**Problem to solve:** Look through the entries below for the line with "开班仪式后,校团委副书记尹星" and the line with "L7- 6: Ausgesetzt", then give again exactly those two lines and all lines between them, minus the pictures.

**Extracted entries:**
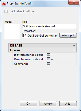 Par défaut, aucune image n'est associée à l'outil de commande. Vous pouvez ajouter une image pour illustrer la fonction de l'outil. Pour ce faire, cliquez avec le bouton droit de la souris dans la zone d'image vide, puis choisissez une image. |
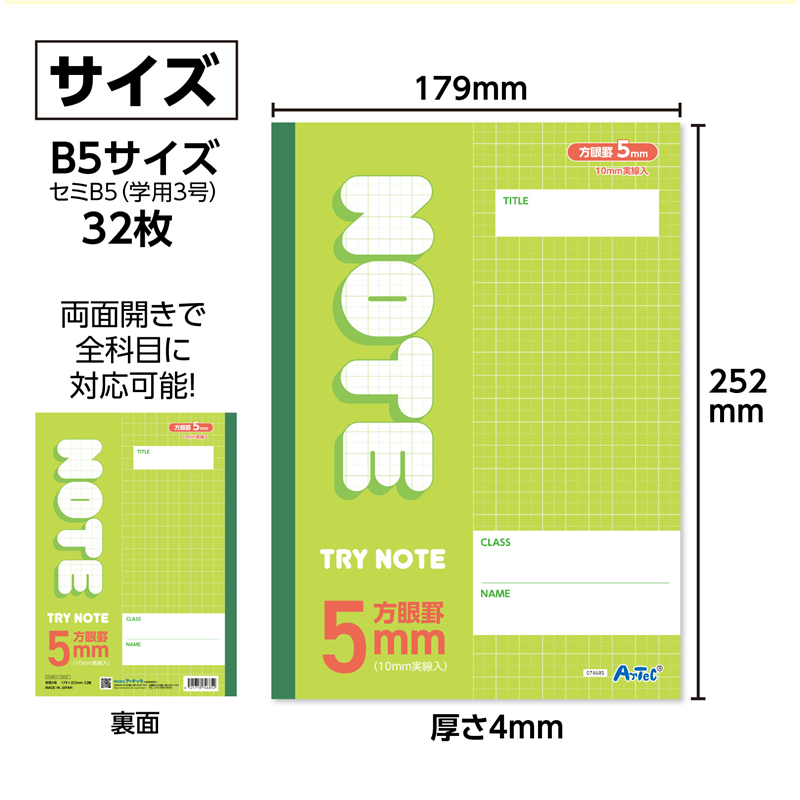アーテック 5mm方眼ノート B5 グリーン32枚 10冊(ご注文単位1セット)【直送品】
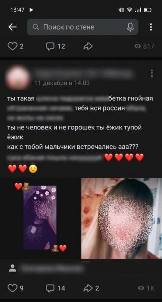 Согласно скриншотам трех постов, которые МВД приложило к пресс-релизу, два из них в паблике «Подслушано »; найти третий не удалось. «Ты не человек и не горошек ты ежик тупой ежик как с тобой мальчики встречались ааа???» — в одном из постов с фотографией девочки.
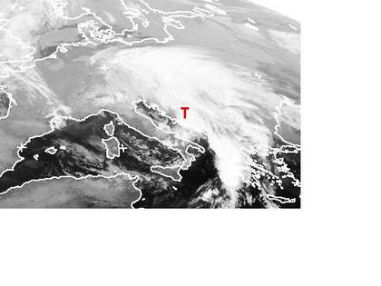 Ein Tief über dem Balkan sorgt von Italien bis zum Schwarzen Meer für Regen, teils auch für Gewitter. Seine Ausläufer reichen bis in den Süden und Osten Deutschlands und bringen auch hier etwas Regen. Sonst bleibt es unter Hochdruckeinfluss meist freundlich und trocken. (Bildquelle: NERC Satellite Receiving Station, Dundee University, Scotland, http://www.sat.dundee.ac.uk/)
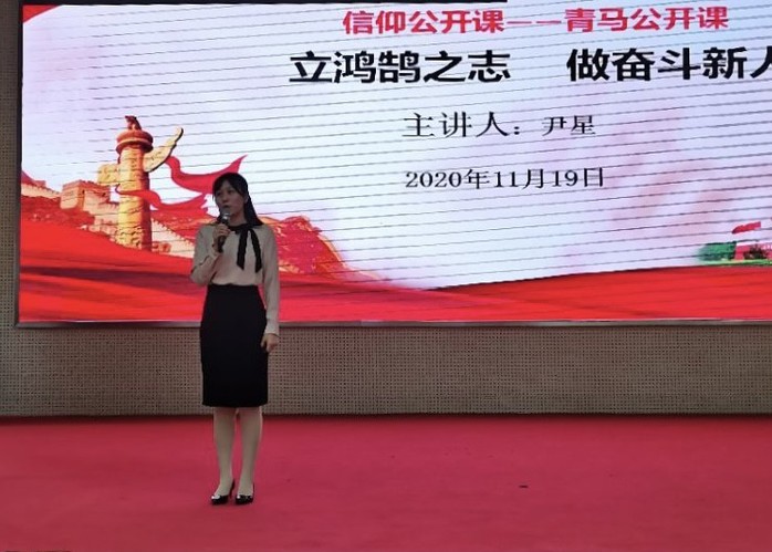 开班仪式后,校团委副书记尹星为全体学员主讲第一课---《立鸿鹄之志,做奋斗新人》,从何为新时代青年和新时代青年的使命与担当两个方面做了解答。尹书记从古今中外的先进青年出发,阐释了什么是新时代青年。从青年应志存高远、忠于祖国,努力做新时代具有远大理想和坚定信念的爱国者;青年应敢于担当、勇于奋斗,努力做新时代具有责任意识和创新精神的建设者;青年应勤奋学习、锤炼身心,努力做新时代具有过硬本领和高尚品格的接班人三个方面,勉励同学们勇担新时代青年的使命和担当。
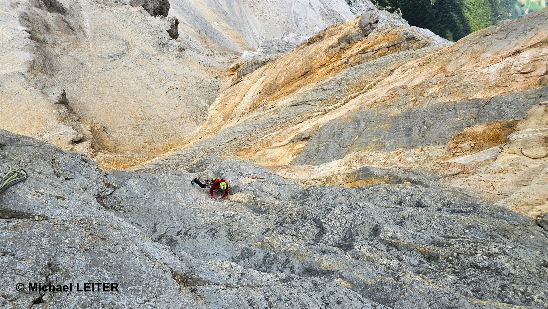 L7- 6: Ausgesetzt ganz markant waagrecht nach rechts, dann weiter leicht ansteigend queren über eine steile Platte bis zu einer Verschneidung und dieser senkrecht hinauf folgen bis zum Stand.
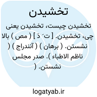 تخشیدن. [ ت َ دَ ] ( مص ) بالا نشستن. ( برهان ) ( آنندراج ) ( ناظم الاطباء ). صدر مجلس نشستن. ( ناظم الاطباء ). قیاس شود با: پارسی باستان «همتخشی »، «همتخشتا»، ریشه اوستائی «ثوخش »، «ثوخش َ»، غیور، باهمت، «ثوخشه »، «ثوخشیشت َ»، پهلوی «توخشیتن »، هندی باستانی «تواکشس »، قوه، نیرو. ( حاشیه برهان چ معین ). تخشید، یعنی بالا نشست، چه تخش بمعنی بالا و صدر مجلس هم آمده است. ( برهان ). کسی که بالا نشست گویند تخشید. ( فرهنگ رشیدی ). || آقای دکتر معین در مزدیسنا و تأثیر آن در ادبیات پارسی ذیل کلمه «هوتخش » آرد: هوتخش مرکبست از دو جزء، جزء اول بمعنی خوبست و جزء دوم از توخشیتن، تخشیدن بمعنی کوشیدن و ورزیدن است. هوتخش یعنی خوب ورزنده، نیکو کوشنده و مراد از آن طبقه صنعتگر است... ( مزدیسنا و تأثیر آن در ادبیات پارسی ص 408 ). و رجوع به تخشا و تخشائی ارتش شود.

**Answer to the exercise:**
 开班仪式后,校团委副书记尹星为全体学员主讲第一课---《立鸿鹄之志,做奋斗新人》,从何为新时代青年和新时代青年的使命与担当两个方面做了解答。尹书记从古今中外的先进青年出发,阐释了什么是新时代青年。从青年应志存高远、忠于祖国,努力做新时代具有远大理想和坚定信念的爱国者;青年应敢于担当、勇于奋斗,努力做新时代具有责任意识和创新精神的建设者;青年应勤奋学习、锤炼身心,努力做新时代具有过硬本领和高尚品格的接班人三个方面,勉励同学们勇担新时代青年的使命和担当。
 L7- 6: Ausgesetzt ganz markant waagrecht nach rechts, dann weiter leicht ansteigend queren über eine steile Platte bis zu einer Verschneidung und dieser senkrecht hinauf folgen bis zum Stand.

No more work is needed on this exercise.